Brief: Your task is to retype, word for word, the lines from the start of the data through the line holding "Received items within". Do not include the pictures.

Dataset records:
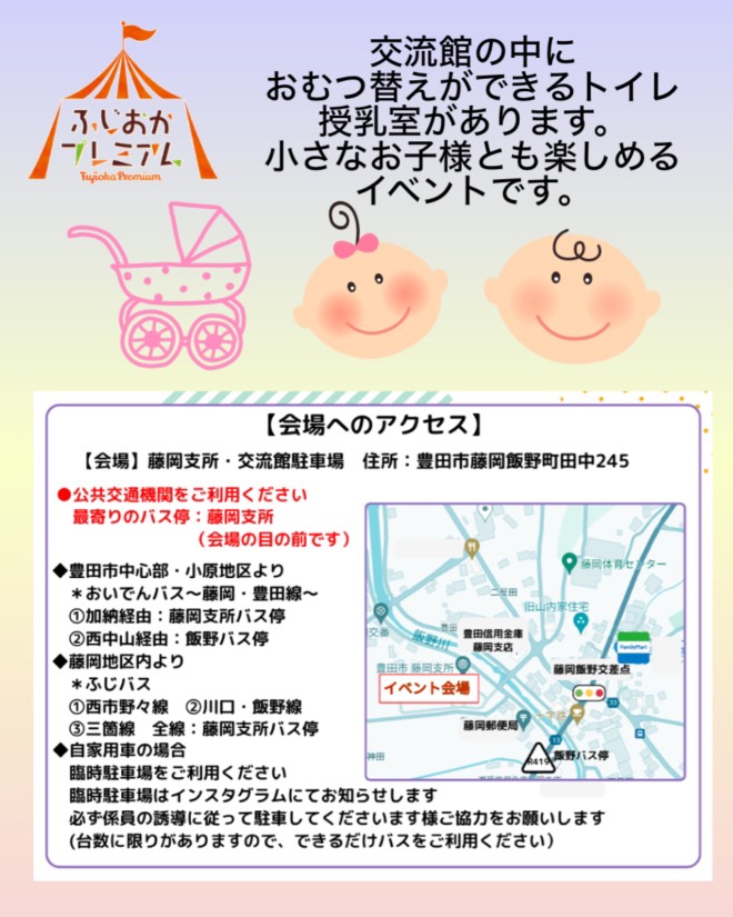 臨時駐車場の台数が少ないため、できる限り公共交通機関(バス)をご利用ください。
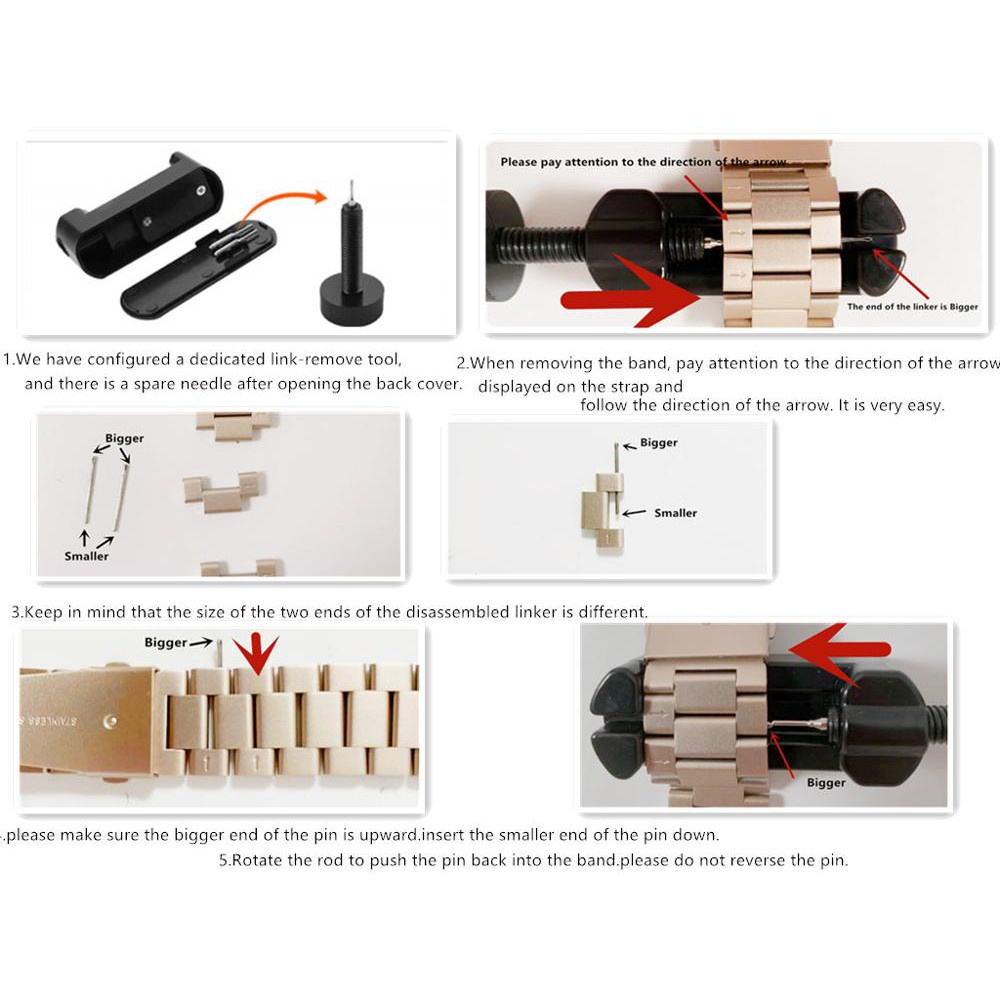 Received items within a week from placing my order. Enjoy the thin strap. Seller provided 2 of the same tools to adjust the length of strap, which can be easily done. Color comparison of starlight and silver, really liking the warmth in starlight
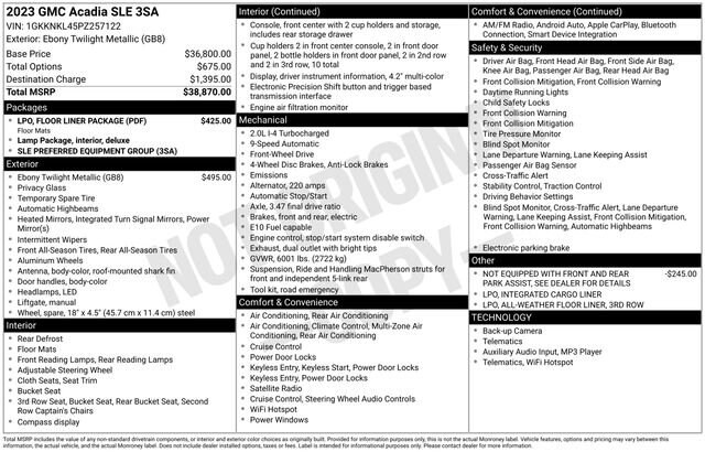 Certified.Certification Program Details: Include a standard 12-month, 12,000-mile (whichever comes first) limited bumper-to-bumper warranty. - If the vehicle has remaining new vehicle bumper-to-bumper limited warranty coverage, the CarBravo warranty coverage applies after expiration of the original new vehicle limited bumper-to-bumper warranty - If the vehicleâs original new vehicle limited bumper-to-bumper warranty has expired due to time or mileage, the CarBravo warranty coverage becomes effective on the day of the sale of the CarBravo vehiclePriced below KBB Fair Purchase Price!Welcome to Shea Automotive! We have 800+ used cars in ONE LOCATION! Stop in at 2100 S Linden Rd. Flint, MI 48532 or call 810-732-7500 to schedule a test drive!1st & 2nd Row All-Weather Floor Liner (LPO), 3.47 Final Drive Axle Ratio, 3rd Row All-Weather Floor Liner (LPO), 3rd row seats: split-bench, 4-Way Manual Driver Seat Adjuster, 4-Way Manual Passenger Seat Adjuster, 4-Wheel Disc Brakes, 6 Speakers, 6-Passenger (2-2-2 Seating Configuration), 6-Speaker Audio System Feature, ABS brakes, Air Conditioning, Alloy wheels, AM/FM radio: SiriusXM, Apple CarPlay/Android Auto, Auto High-beam Headlights, Automatic temperature control, Brake assist, Bumpers: body-color, Compass, Delay-off headlights, Driver door bin, Driver vanity mirror, Dual front impact airbags, Dual front side impact airbags, Electronic Stability Control, Emergency communication system: OnStar and GMC connected services capable, Floor Liner Package (LPO), Four wheel independent suspension, Front anti-roll bar, Front Bucket Seats, Front Center Armrest, Front dual zone A/C, Front reading lights, Fully automatic headlights, Heated door mirrors, Illuminated entry, Integrated Cargo Liner (LPO), Knee airbag, Low tire pressure warning, Not Equipped w/Front & Rear Park Assist (060), Occupant sensing airbag, Outside temperature display, Overhead airbag, Overhead console, Panic alarm, Passenger door bin, Passenger vanity mirror, Power door mirrors, Power steering, Power windows, Preferred Equipment Group 3SA, Premium Cloth Seat Trim, Radio data system, Radio: AM/FM w/8 Diagonal Multi-Touch Display, Rear air conditioning, Rear anti-roll bar, Rear reading lights, Rear window defroster, Rear window wiper, Remote keyless entry, Security system, SiriusXM Radio, Speed control, Speed-sensing steering, Spoiler, Steering wheel mounted audio controls, Tachometer, Telescoping steering wheel, Tilt steering wheel, Traction control, Trip computer, Turn signal indicator mirrors, Variably intermittent wipers, Voltmeter, Wheels: 18 Machined Aluminum w/Dark Accents, Wireless Apple CarPlay/Wireless Android Auto.Clean CARFAX. SLE 2.0L Turbocharged 9-Speed Automatic FWD Ebony Twilight Metallic
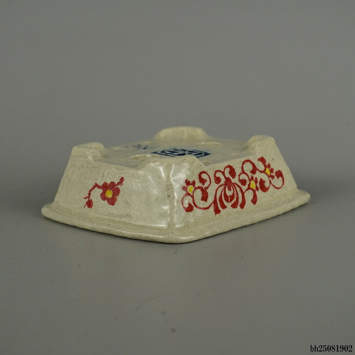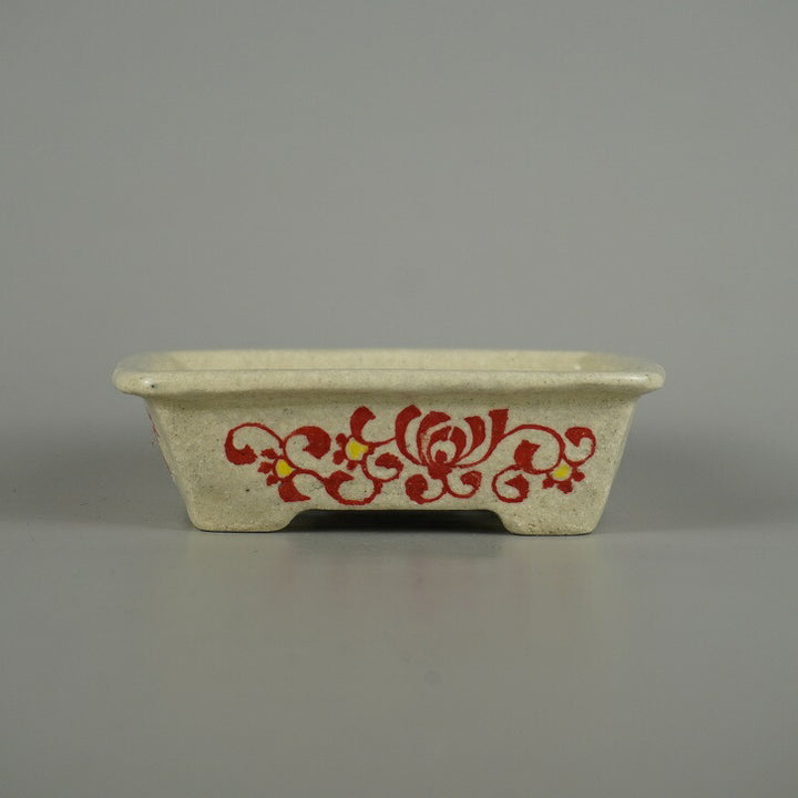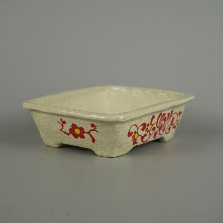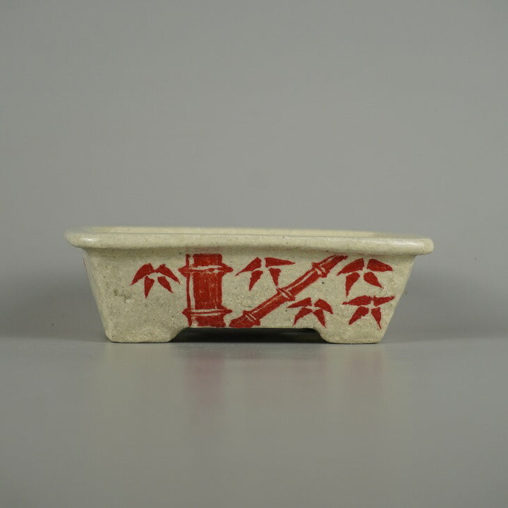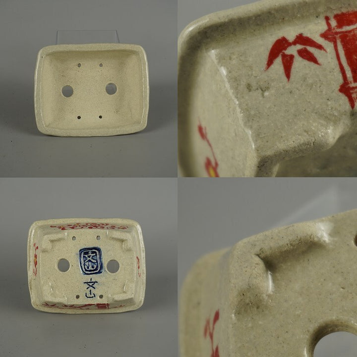 盆栽鉢 越前文山 小型 長辺 約 13cm 長方鉢 赤絵 竹 笹 花 はな ハナ 鑑賞 観賞用 新品 b1206104162
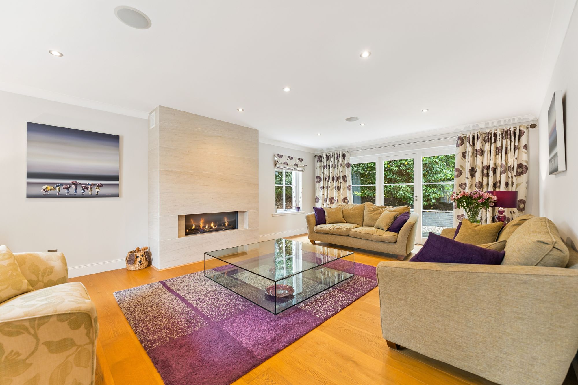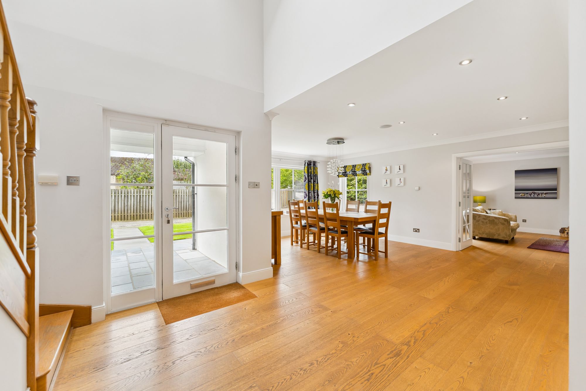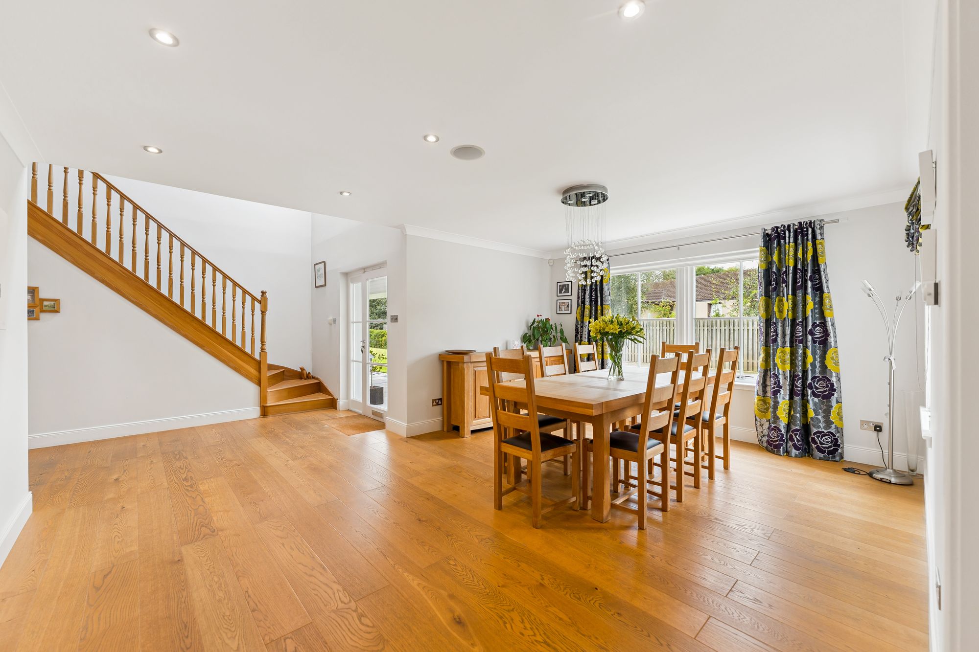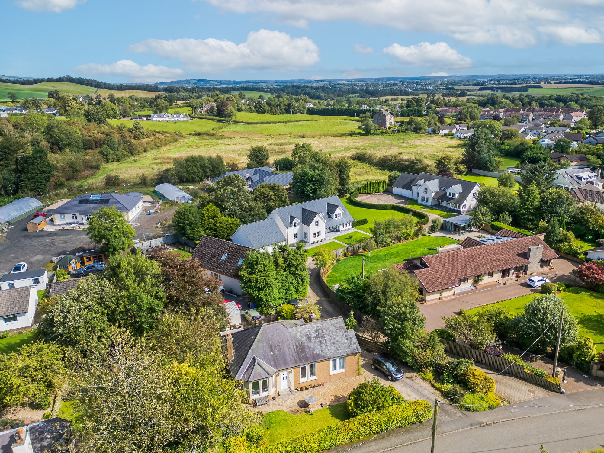 A striking, modern detached home situated in the sought-after village of Torrance, offering a superb blend of space, style, and versatility across two generous levels. Upon entry, you're welcomed by a large, bright hallway that sets the tone for the rest of the property, with a dedicated dining area just off the main space, perfect for entertaining or family gatherings. The formal living room is flooded with natural light thanks to its double-aspect windows and is centred around a contemporary gas fireplace, creating a warm and inviting focal point.

Answer:
 臨時駐車場の台数が少ないため、できる限り公共交通機関(バス)をご利用ください。
 Received items within a week from placing my order. Enjoy the thin strap. Seller provided 2 of the same tools to adjust the length of strap, which can be easily done. Color comparison of starlight and silver, really liking the warmth in starlight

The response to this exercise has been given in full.